Customer Journey als neue Herausforderung
Eine zentrale Herausforderung dieser neuen Form des digitalen Vertriebs besteht darin, dass nicht mehr der Vertrieb, sondern der Kunde selbst entscheidet, wann er welche Information haben möchte. Deshalb rückt das Modell der Customer Journey zur Steuerung des Informationsangebotes in den Mittelpunkt. Über CPQSysteme wird das Modell realisiert. Sie sorgen dafür, dass der Detaillierungsgrad von Angebotsinformationen an den individuellen Informationsbedarf des Interessenten angepasst wird: Von den ad hoc bereitgestellten Erstinformationen und dem Budgetangebot steigern sie den Detaillierungsgrad schrittweise bis zum verbindlichen Angebot.
CPQ im Einsatz: Praxisbeispiele
Haver & Boecker ist spezialisiert auf Maschinen und Anlagen für das Abfüllen von Schüttgütern, die bei der Verpackung und Aufbereitung von Zement, Baustoffen und Mineralien, Chemikalien und Lebensmitteln zum Einsatz kommen. Für jedes Einsatzszenario muss die Packmaschine individuell konfiguriert werden. Das Unternehmen hat sich für die CPQLösung von Camos entschieden und die Vertriebsmitarbeiter erstellen seit ihrer Einführung die passende Maschine über einen Produktkonfigurator. Sobald sie alle Komponenten ausgewählt haben, generiert das System automatisch das Angebot mit sämtlichen Preisen und beschreibenden Texten. Statt wie früher zwei Tage, nimmt das nur drei Stunden in Anspruch. Über eine SAP-Schnittstelle wird der Auftrag nach Bestätigung direkt an das ERPSystem weitergegeben. Die Mitarbeiter im Vertrieb nutzen die gewonnene Zeit, um neue Kunden zu gewinnen und so den Umsatz zu steigern.

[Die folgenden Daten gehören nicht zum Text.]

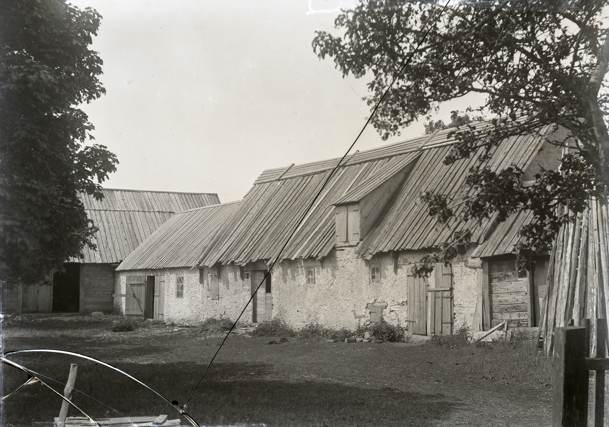 Eftersom tomten är inklämd mellan Lasusbackars rasbrant och Käldvägen och därför är synnerligen långsmal, låg ladugården och manbyggnaden i rad. Vi ser många och stora uthus trots att det här var en liten gård. Längst t v skymtar en stor tvärställd bullada under faltak i gott skick, sannolikt betydligt yngre än ladugården t h. Mot ladan står ett lite äldre stenhus under faltak, som kanske innehöll vagnbod och gris/lammhus. T h är den gamla ladugårrden, inte från 1700-talet, men äldst av ladugårdsbyggnaderna. Den innehöll två fähus med hoimd längst bort. Hönshus fanns också här med tanke på luckan vid marken. Faltaket börjar bli rätt taget. Längst t h skymtar en bulbod. Ladugården stod kvar till 1925, då man rev alltihop och byggde en ny på ladans plats.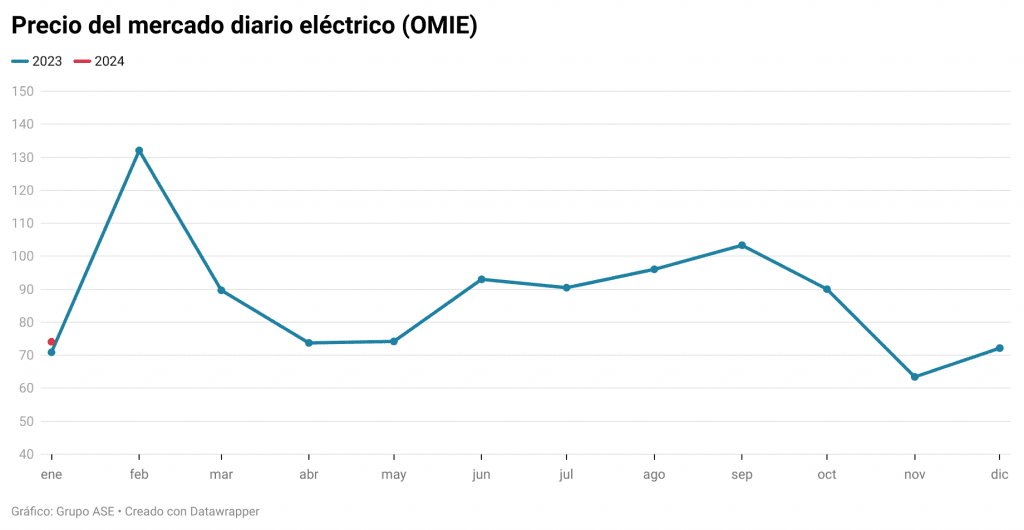 El precio diario del mercado mayorista de electricidad español (POOL) de enero se sitúa en 74,10 €/MWh. Sube un 2,7% respecto a diciembre y es un 4,5% más caro que hace un año.

Die gleiche CPQ-Lösung wird auch vom Antriebsspezialisten Maxon eingesetzt – wenngleich sich der Use Case grundlegend vom vorherigen unterscheidet. Denn das Unternehmen lässt seine Kunden auch selbst Präzisionsantriebe über das Internet konfigurieren und setzt dabei auf das Modell der Customer Journey: Der Kunde kann im Konfigurationsprozess den Detaillierungsgrad der Informationen flexibel steuern und für ihn relevante Zusatzinformationen einfach über Info-Buttons einund ausblenden. Auf Wunsch kann er alle technischen Spezifikationen, Zeichnungen sowie Informationen zu Lieferzeiten und Preisen für alle Optionen direkt auf der Webseite sehen oder sein Konfigurationsergebnis im 3D-Model anschauen. Unmittelbar nach seiner Online-Bestellung erhält er die Auftragsbestätigung vom CPQ-System. Zeitgleich übermittelt dieses alle nötigen Daten, um einen Fertigungsauftrag zu starten. Das ist möglich, weil das Regelwerk des Konfigurators die Baubarkeit von Kundenspezifikationen prüft.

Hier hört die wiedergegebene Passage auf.